ICU Patients’ Antibiotic Exposure and Triazole-Resistance in Invasive Candidiasis: Parallel Analysis of Aggregated and Individual Data

oleh: Yan Wang, Yan Wang, Yan Wang, Ying Zhang, Treasure M. McGuire, Treasure M. McGuire, Treasure M. McGuire, Samantha A. Hollingworth, Mieke L. Van Driel, Lu Cao, Xue Wang, Yalin Dong

Format: Article
Diterbitkan: Frontiers Media S.A. 2021-03-01

Deskripsi

Background: The relationship between antibiotic use and the incidence of triazole-resistant phenotypes of invasive candidiasis (IC) in critically ill patients is unclear. Different methodologies on determining this relationship may yield different results.Methods: A retrospective multicenter observational analysis was conducted to investigate exposure to antibiotics and the incidence of non-duplicate clinical isolates of Candida spp. resistant to fluconazole, voriconazole, or both during November 2013 to April 2018, using two different methodologies: group-level (time-series analysis) and individual-patient-level (regression analysis and propensity-score adjusting).Results: Of 393 identified Candida spp. from 388 critically ill patients, there were three phenotypes of IC identified: fluconazole-resistance (FR, 63, 16.0%); voriconazole-resistance (VR, 46, 11.7%); and cross-resistance between fluconazole and voriconazole (CR, 32, 8.1%). Exposure to several antibacterial agents with activity against the anaerobic gastrointestinal flora, especially third-generation cefalosporins (mainly cefoperazone/sulbactam and ceftriaxone), but not triazoles, have an immediate effect (time lag = 0) on subsequent ICU-acquired triazole-resistant IC in the group-level (p < 0.05).
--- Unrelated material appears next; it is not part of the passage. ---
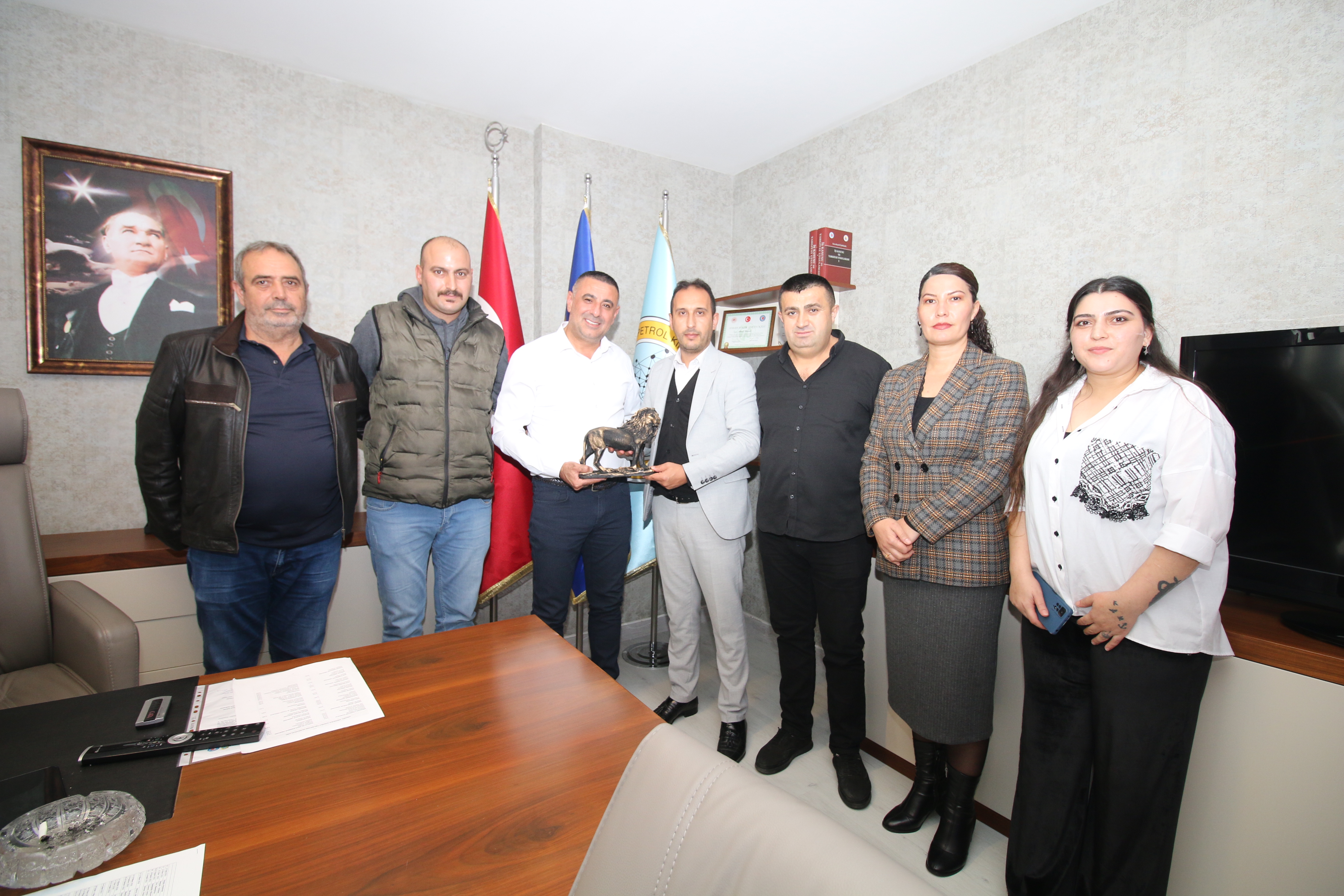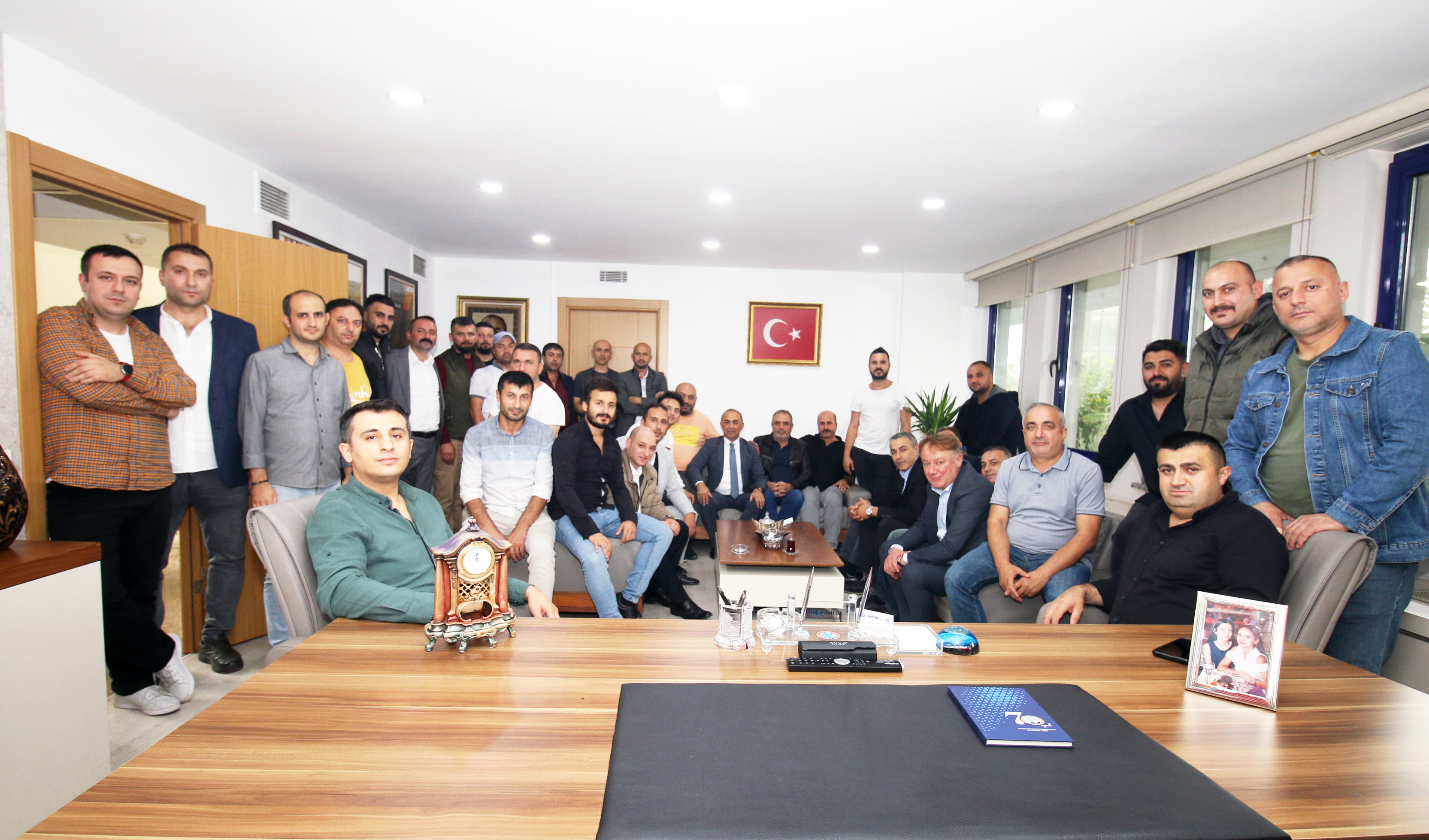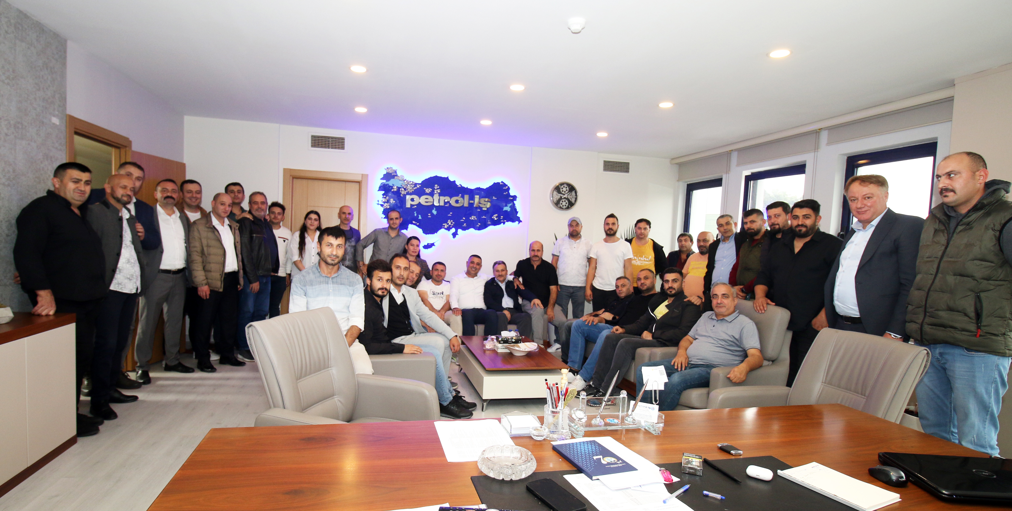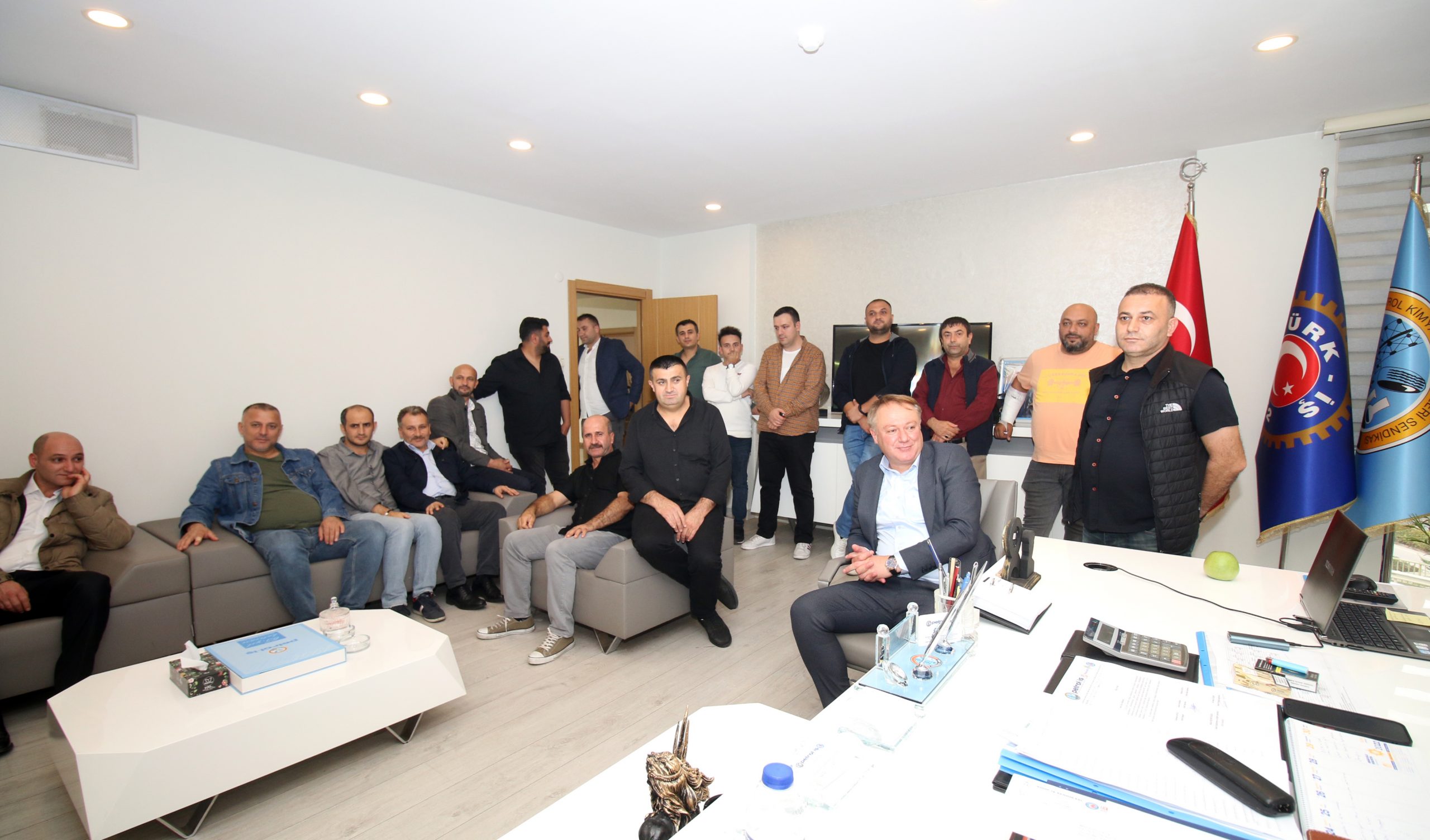 Sendikamız İstanbul 2 Nolu Şube Yönetim, Denetim ve Disiplin Kurulları ile şubemizin örgütlü olduğu işyerlerinden temsilciler 26 Ekim Perşembe günü Genel Merkez Yöneticilerimizi ziyaret ettiler. Genel Başkan Süleyman Akyüz, Genel Sekreter Ahmet Baranlı, Genel Mali Sekreter Mehmet Kaya ve Genel Yönetim Sekreteri Ali Haluk Koşar ile biraraya gelen şube heyeti Genel Merkez Yöneticilerine görevlerinde başarılar dilediler. Hediye takdiminin ardından ziyaret iyi dilek temennilerinin iletilmesinden ardından sona erdi.

When the same patient database was analyzed at the individual-patient-level, we found that exposure to many antifungal agents was significantly associated with triazole-resistance (fluconazole [adjusted odds ratio (aOR) = 2.73] or caspofungin [aOR = 11.32] on FR, voriconazole [aOR = 2.87] on CR). Compared to the mono-triazole-resistant phenotype, CR IC has worse clinical outcomes (14-days mortality) and a higher level of resistance.Conclusion: Group-level and individual-patient-level analyses of antibiotic-use-versus-resistance relations yielded distinct but valuable results. Antibacterials with antianaerobic activity and antifungals might have “indirect” and “direct” effect on triazole-resistant IC, respectively.